With the holidays approaching, specifically Thanksgiving, many of my childhood memories from home are flooding back. Obviously, Christmas brings everyone a different type of nostalgia, but for me and my family, Thanksgiving brings us this feeling.
Beyond the actual feast of Thanksgiving, my memory is filled with gratitude lists, laughter until crying with my family at the table, playing card games with my grandparents, and the endless reminiscing of past seasons.
Starting when I was just 10 years old, my mom would come into my room every night on the first of November and make me start a list of what I was grateful for that year. My brother, her, my dad, and I would all add one thing to this list each night of November leading up to Thanksgiving.

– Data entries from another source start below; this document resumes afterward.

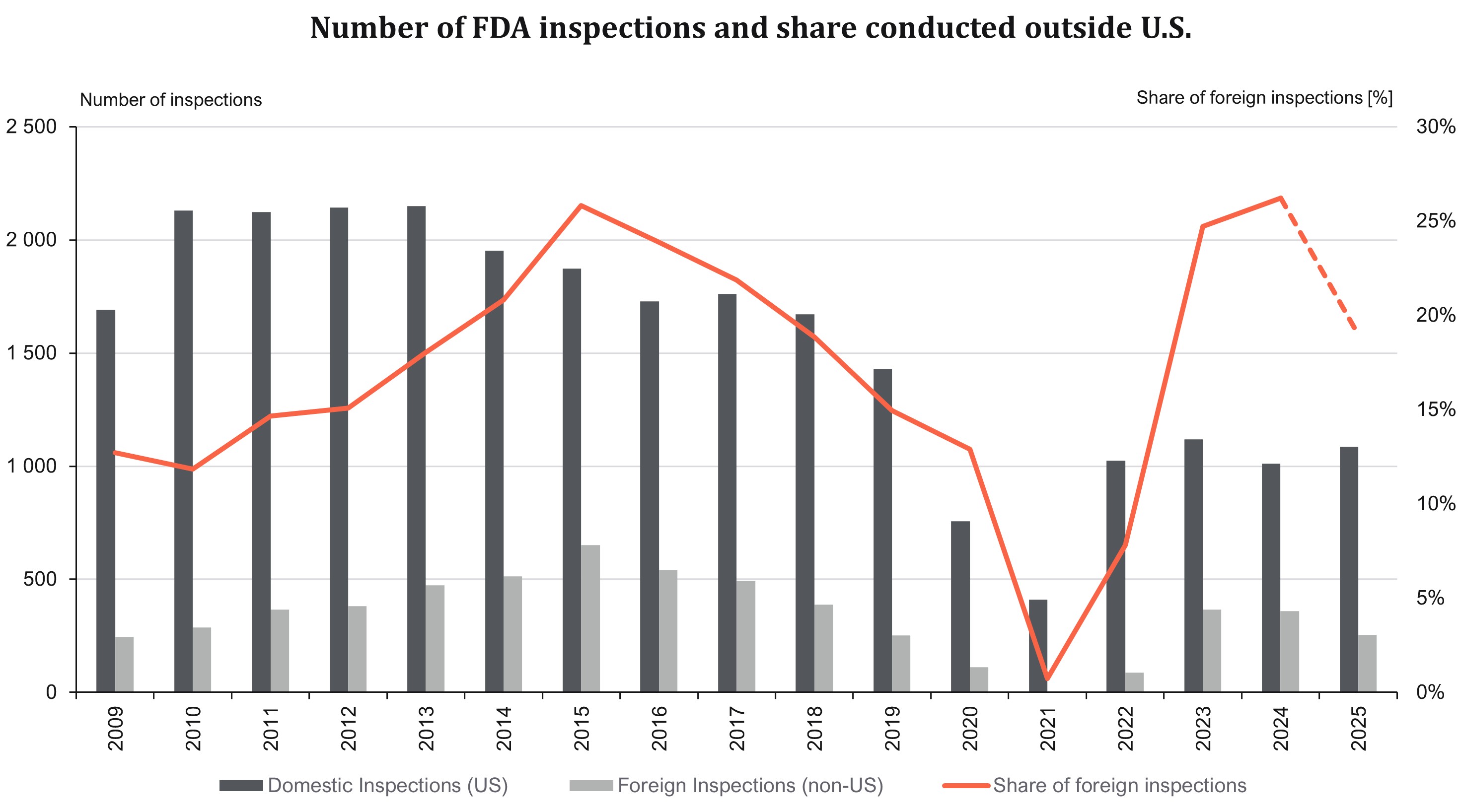 Since the pandemic, the share of foreign inspections has risen to almost 25%, a number not seen since the previous peak of 2015. As 2025 is still ongoing, and has coincided with a prolonged government shutdown limiting FDA resources, the 2025 YTD data is not fully comparable with previous years.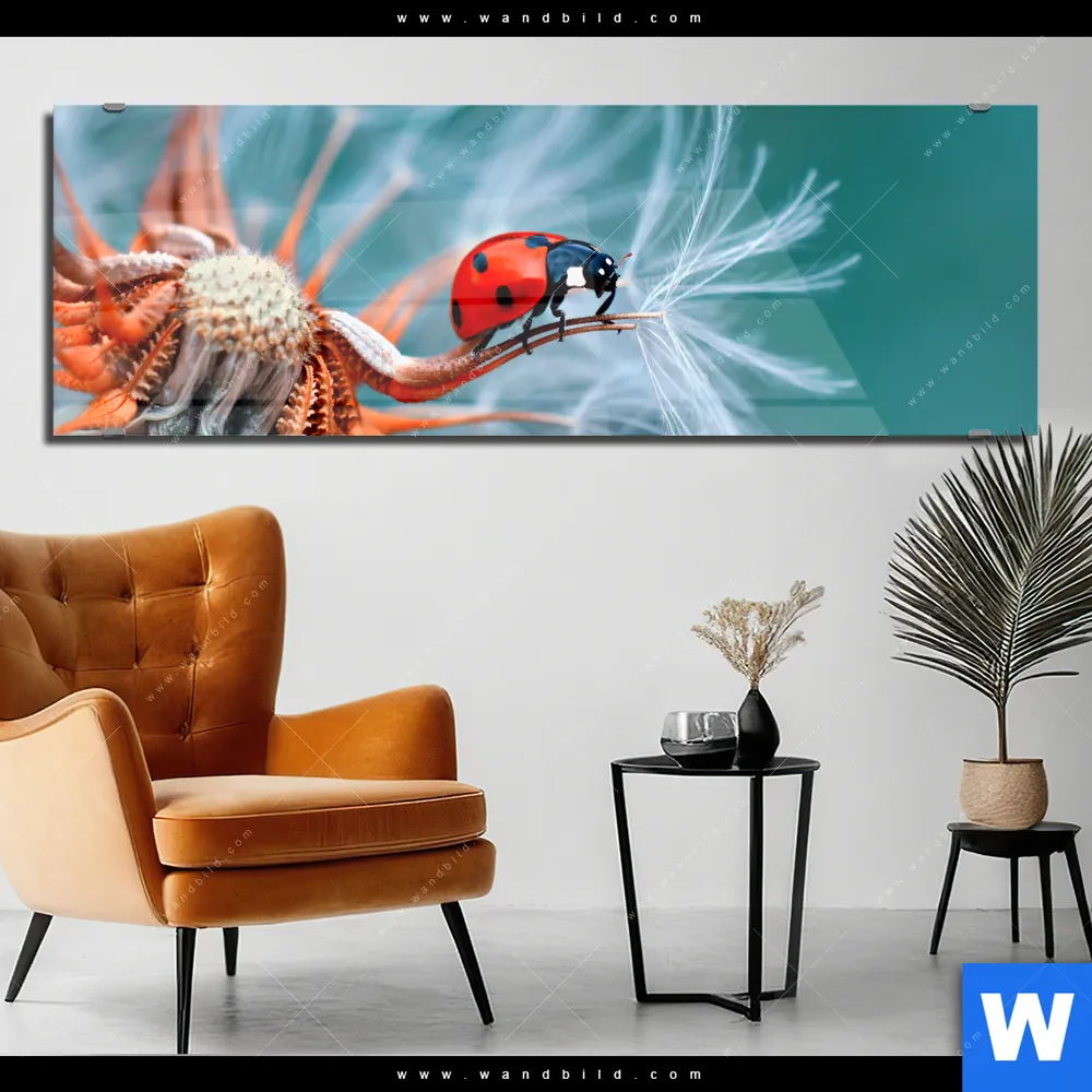 Acrylglasbild | Sonnenkäfer auf Pusteblume | Panorama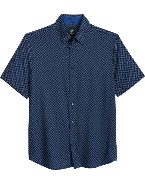 Michael Strahan Modern Fit 4-Way Stretch Short Sleeve Sport Shirt, Blue Geo Grid
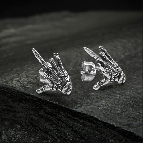 Middle Finger Ghost Hand Stainless Steel Ear Stud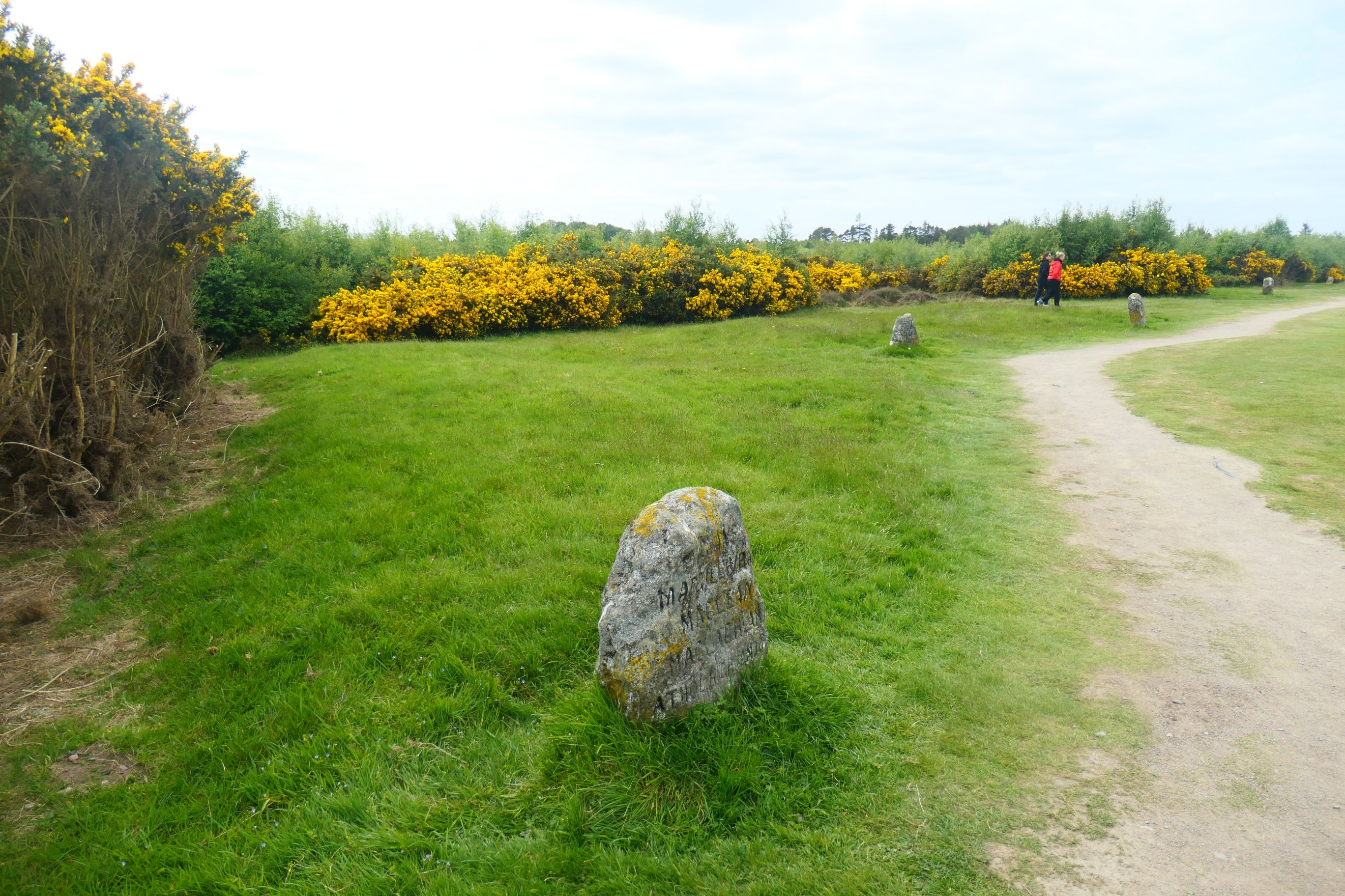 I walked around the perimeter of the battlefield, past the mass graves and the memorial cairn. The moorland that had given the left flank of the Jacobites so much difficulty during the skirmish is still there today. The ground is uneven and often muddy or soft and damp. The Jacobites forced to charge at the British lines through this terrain were slowed down or forced to change course. The charge at this point of the line soon lost its formation and became ineffective. The last photo in this set is of the more even ground which allowed Jacobites to the right of the moorland to hold the formation of their lines much longer as they charged at the redcoats.

At first, my list consisted of surface-level ideas; I would write how grateful I was for my family and friends. As I got older, I developed my gratitude list into something more meaningful, not that family and friends aren’t too.

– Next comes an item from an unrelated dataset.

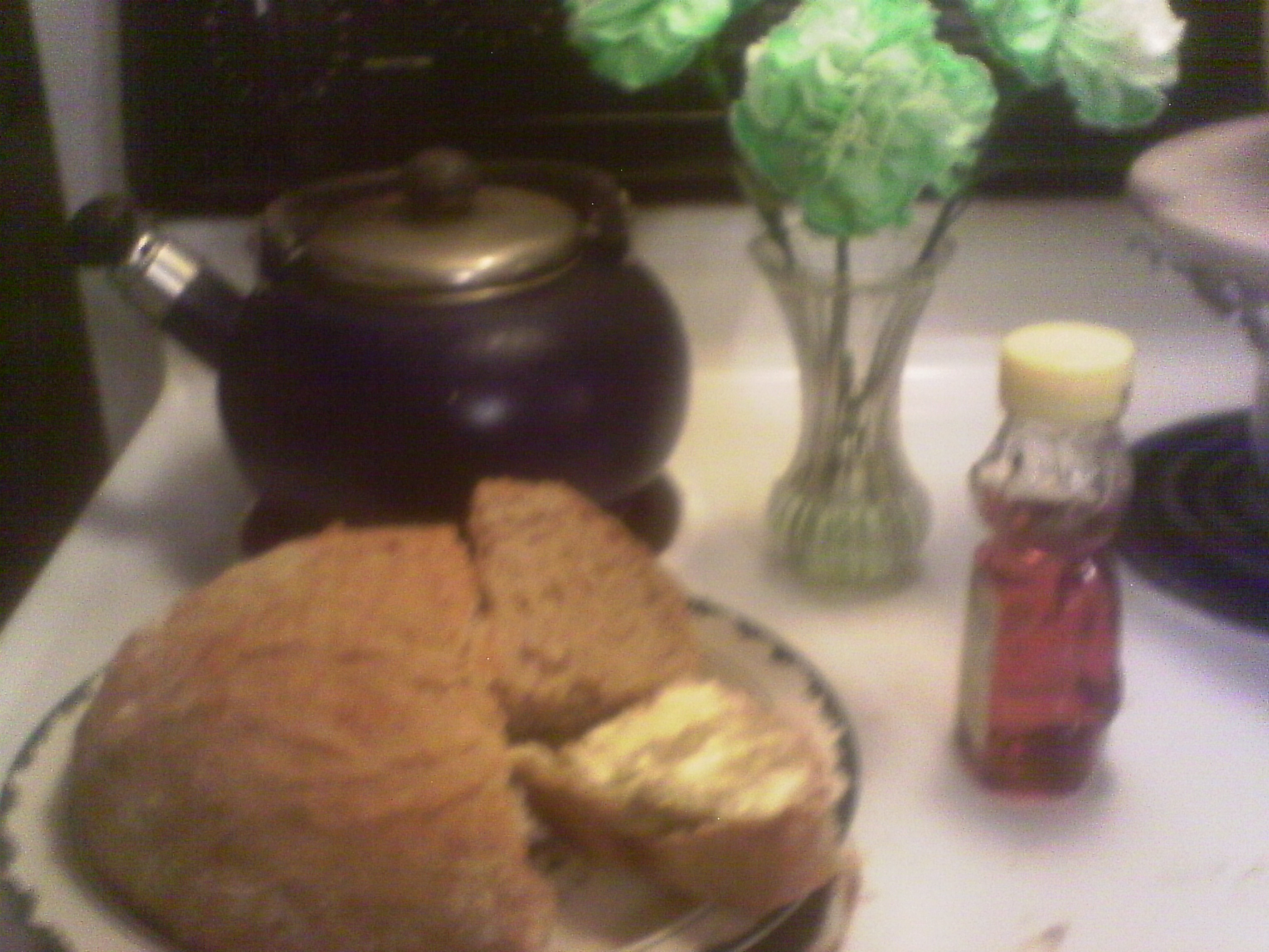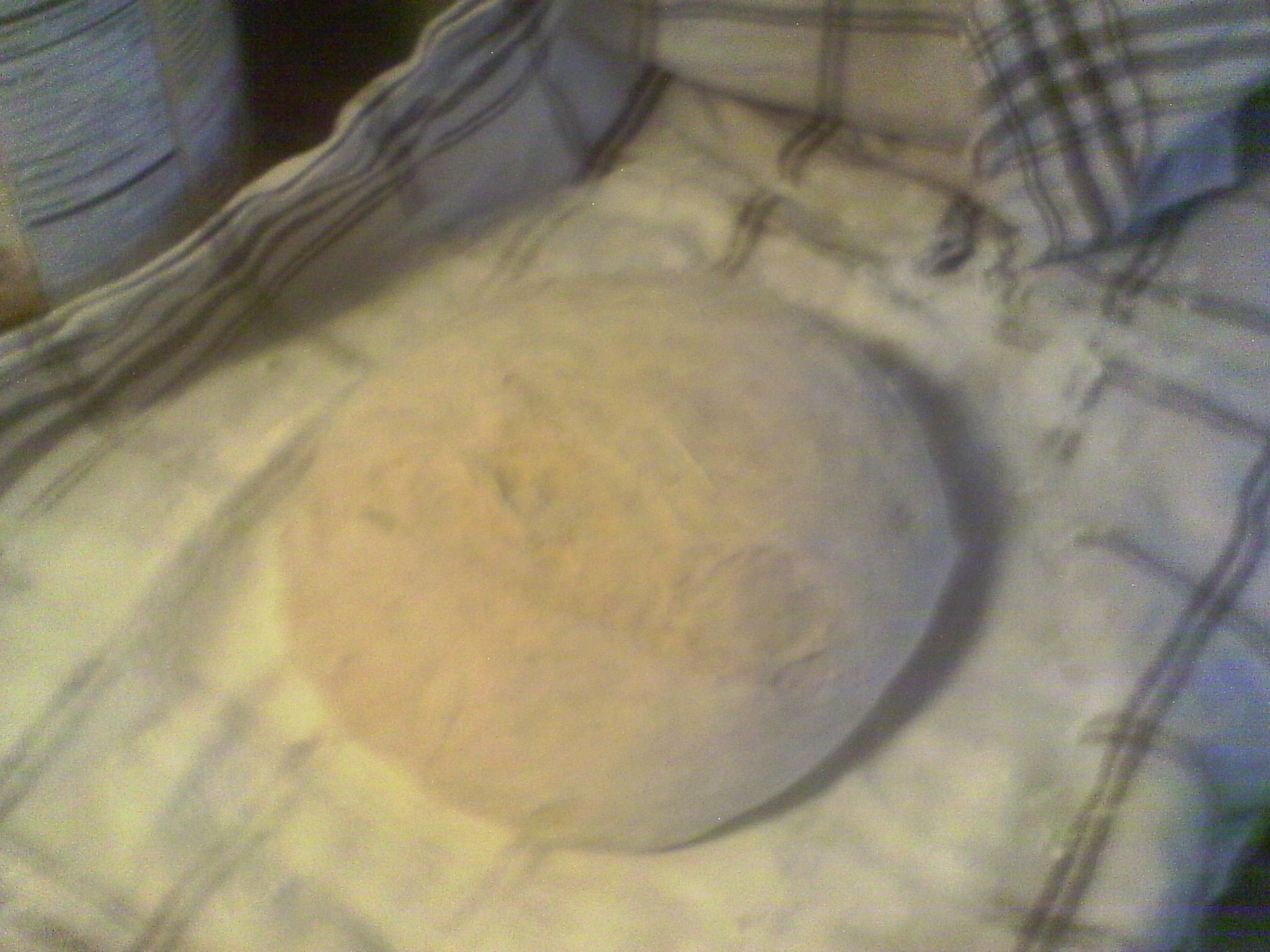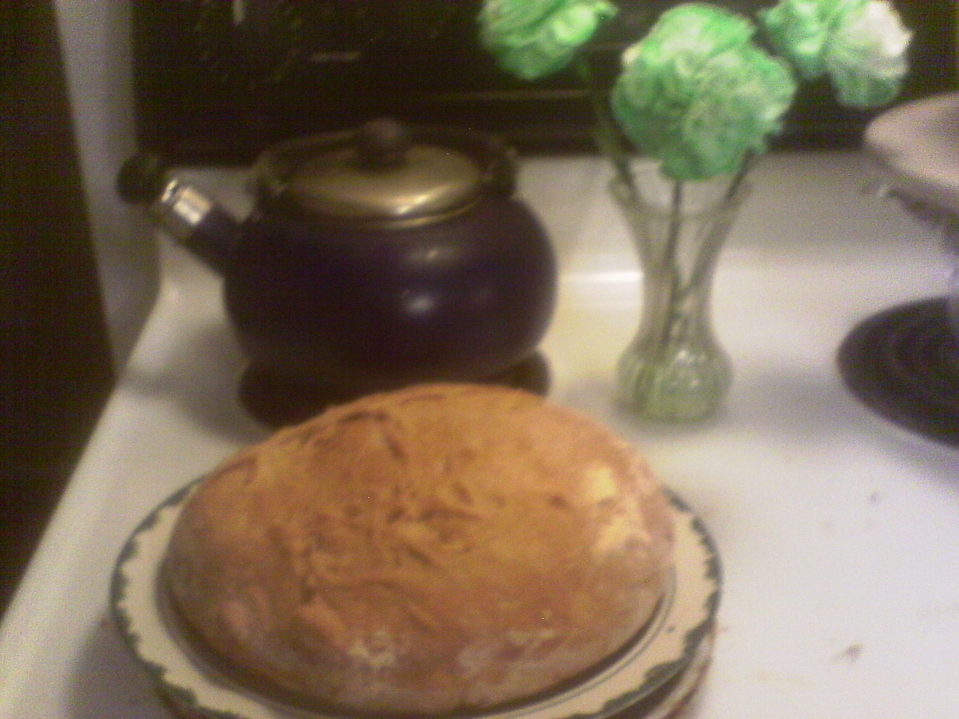 This is the simplest bread recipe I’ve ever found. I saw it originally in Mother Earth News and played with it a bit. You will need a cast iron Dutch oven. I’ve played with loaf pans and it’s OK, but you’ll need to put a pan of warm water in to keep the humidity up in the oven for a nice crust. If you don’t have loaf pans get some. Oh, darn, another shopping expedition! You’ll also need tea towels (NOT nubbly! Smooth so the dough doesn’t stick and grab!). If you don’t have a nice linen tea towel, get one. And do you have a bowl large enough for the bread dough to rise in? Sure? If your bowl is just big enough to mix in it still needs to be big enough for the dough to rise to double in size with room at the top so it doesn’t overflow. While you’re out take a look at large, cheap metal bowls. Yes, plastic will do, but metal is more versatile. If you decide you really like baking you can eventually buy a really nice ceramic bowl to mix in. I used to have one just for bread, one for pizza dough, one for cookies and one for biscuits. All started with just the right size pile of flour in the middle. As each broke I had to reconstruct my recipes. Major pain, but at least I still have my pizza bowl. It really does feel nice to mix food in a bowl that’s a work of art, and in between uses they can sit in places of honor on shelves in the kitchen or dining room or even take turns on the living room coffee table. Now back to our recipe.

I was starting to recognize how grateful I was for how thoughtful my dad was and how well he listened and paid attention to detail. I would write how grateful I was for my mom’s passionate voice and her ability to stand up to anyone. I’d write how grateful I was for my brother and his fearless personality.
Creating these gratitude lists opened up my eyes and made me realize gratitude is more than just a singular person, place, or thing. It is much deeper than that.
As our lives get more complicated, loud, messy, and overwhelming, gratitude is one of the few things that can ground you. I know writing down what you’re grateful for seems a little cliché, but it is truly the simplest way to feel present, confident, and more connected to your own life. I am forever grateful my mom made me do this from the beginning.
Obviously, college is four years full of moments that pull you in a million different directions. These moments make it easy to get caught up in the comparison game: who got the better grade, who has the better relationship, who got the best internship. I believe writing down what you are grateful for interrupts this spiral.
Even just writing down three small things each day. It could be as simple as a professor explaining a topic more clearly, your roommate taking out your trash just because, or one of the many students on campus who hold the door for you. Writing these down or even just expressing that you’re grateful for these things in some type of way shifts your focus from what you don’t have to what you already do.
So, thank you, Mom, for making me write something I am grateful for each night in November. It is now something I can write about being grateful for on my new gratitude list.